At last week's Lib Dem get-together of the party faithful, Danny Alexander, the Treasury geek who looks like a ginger chipmunk, decided to depart from his normal litany of dreary economic figures and attempted to tell feeble jokes, frantically waving his hands around like two bunches of bananas. The audience (and the hacks present) were appalled, and any applause was more in sympathy than thanks.
Then, David Cameron decided to appear on David Letterman's US talk show, because Boris had already done so. Cam looked like a cardboard Tango Man grovelling for scraps at his host's knee as Letterman towered over him behind his magisterial desk. Not good. But Obama's no better. Worried about his re-election campaign, he decided to appear on The View, with Whoopi Goldberg and Barbara Walters. Michelle held his hand so he wasn't too frightened. I can't wait for George Osborne to sit next to me on Loose Women!
No drug talk here
It's impossible to discuss drugs calmly in this country. Channel 4 bravely devoted two nights to MDMA – pure ecstasy – and conducted an experiment in which human guinea pigs didn't know if they were taking the drug or a placebo. They slightly undermined their case by choosing actor Keith Allen as a participant – a bloke so desperate for publicity he's still going around claiming he had sex with me on my snooker table about 20 years ago (he did not).

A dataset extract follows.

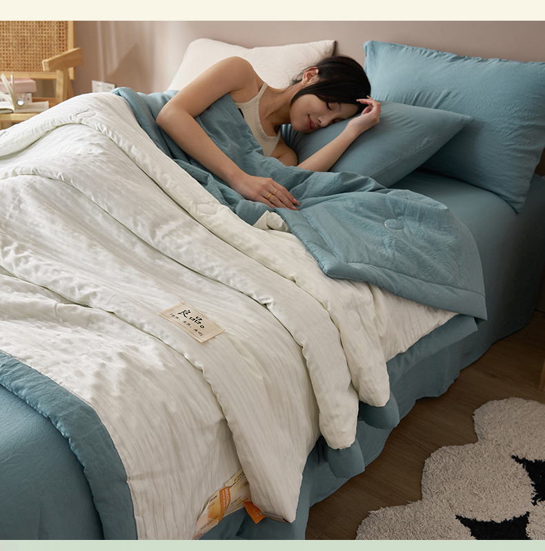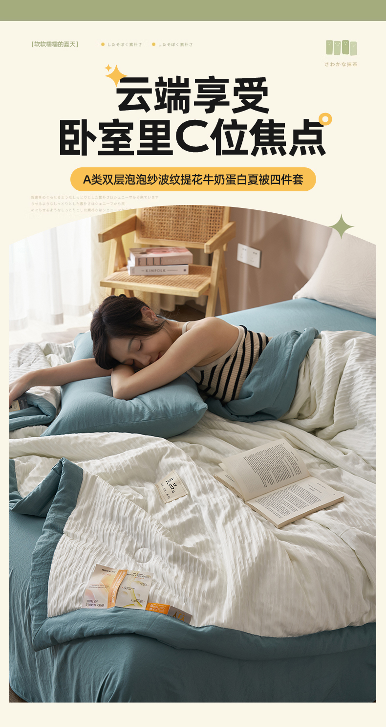 (总)一加一家纺2025新款A类双层泡泡纱波纹提花牛奶蛋白夏被四件套
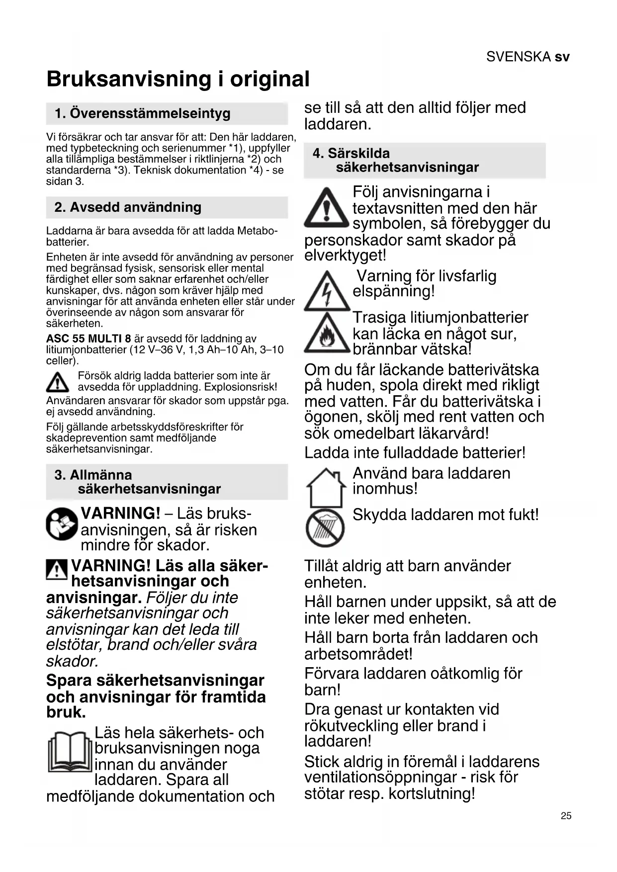 Bruksanvisning i original Vi försäkrar och tar ansvar för att: Den här laddaren, med typbeteckning och serienummer *1), uppfyller alla tillämpliga bestämmelser i riktlinjerna *2) och standarderna *3). Teknisk dokumentation *4) - se sidan 3. Laddarna är bara avsedda för att ladda Metabo- batterier. Enheten är inte avsedd för användning av personer med begränsad fysisk, sensorisk eller mental färdighet eller som saknar erfarenhet och/eller kunskaper, dvs. någon som kräver hjälp med anvisningar för att använda enheten eller står under överinseende av någon som ansvarar för säkerheten. ASC 55 MULTI 8 är avsedd för laddning av litiumjonbatterier (12 V–36 V, 1,3 Ah–10 Ah, 3–10 celler). Försök aldrig ladda batterier som inte är avsedda för uppladdning. Explosionsrisk! Användaren ansvarar för skador som uppstår pga. ej avsedd användning. Följ gällande arbetsskyddsföreskrifter för skadeprevention samt medföljande säkerhetsanvisningar. VARNING! – Läs bruks- anvisningen, så är risken mindre för skador. VARNING! Läs alla säker- hetsanvisningar och anvisningar. Följer du inte säkerhetsanvisningar och anvisningar kan det leda till elstötar, brand och/eller svåra skador. Spara säkerhetsanvisningar och anvisningar för framtida bruk. Läs hela säkerhets- och bruksanvisningen noga innan du använder laddaren. Spara all medföljande dokumentation och se till så att den alltid följer med laddaren. Följ anvisningarna i textavsnitten med den här symbolen, så förebygger du personskador samt skador på elverktyget! Varning för livsfarlig elspänning! Trasiga litiumjonbatterier kan läcka en något sur, brännbar vätska! Om du får läckande batterivätska på huden, spola direkt med rikligt med vatten. Får du batterivätska i ögonen, skölj med rent vatten och sök omedelbart läkarvård! Ladda inte fulladdade batterier! Använd bara laddaren inomhus! Skydda laddaren mot fukt! Tillåt aldrig att barn använder enheten. Håll barnen under uppsikt, så att de inte leker med enheten. Håll barn borta från laddaren och arbetsområdet! Förvara laddaren oåtkomlig för barn! Dra genast ur kontakten vid rökutveckling eller brand i laddaren! Stick aldrig in föremål i laddarens ventilationsöppningar - risk för stötar resp. kortslutning!

MDMA, used in controlled circumstances under medical supervision, could help soldiers and others suffering from post-traumatic stress – but to evaluate its usefulness supervised experiments are needed, and I don't see why they shouldn't be broadcast so we can all see for ourselves.
Most parents are hypocrites about drugs. A good proportion will have taken them at some point, yet they pretend to their kids that drugs are evil. Famous people, from celebs to politicians, all take care to say they experimented with drugs but "they had an unpleasant experience" as it's still seen as career suicide. Jon Snow, who presented the show, added his own "bad trip" on his blog before the programme was broadcast.
Critics said the show promoted drug-taking, but fewer of us are users now than in 1996, when data was first recorded. One in five people aged 16-24 took drugs last year, a sizeable number, but definitely a downward trend.
Plebgate continues. Andrew Mitchell, the Tory Chief Whip who allegedly swore at a policeman outside No 10, has kicked off a media trend for spotting examples of powerful super-snoots whose values are far removed from us ordinary plebs.
Last week, much was made of the £150,000 henhouse the millionaire financier Crispin Odey is building on his Gloucestershire estate, complete with classical façade, Palladian columns, hand-carved mural depicting chickens, eggs and Humpty Dumpty – and the size of a two-bed flat.
Such excess might be common in the world of high finance, but, given the Mitchell affair is still smouldering, George Osborne committed a faux pas, sneaking out of the Treasury in the middle of the afternoon, with two ministers, Ed Vaizey and Michael Gove, to sit (for free) in a swanky box at Covent Garden to enjoy Wagner's Ring Cycle, starting time 4pm, when most of us "plebs" were still toiling. No doubt all three claim they made "important contacts" at the event.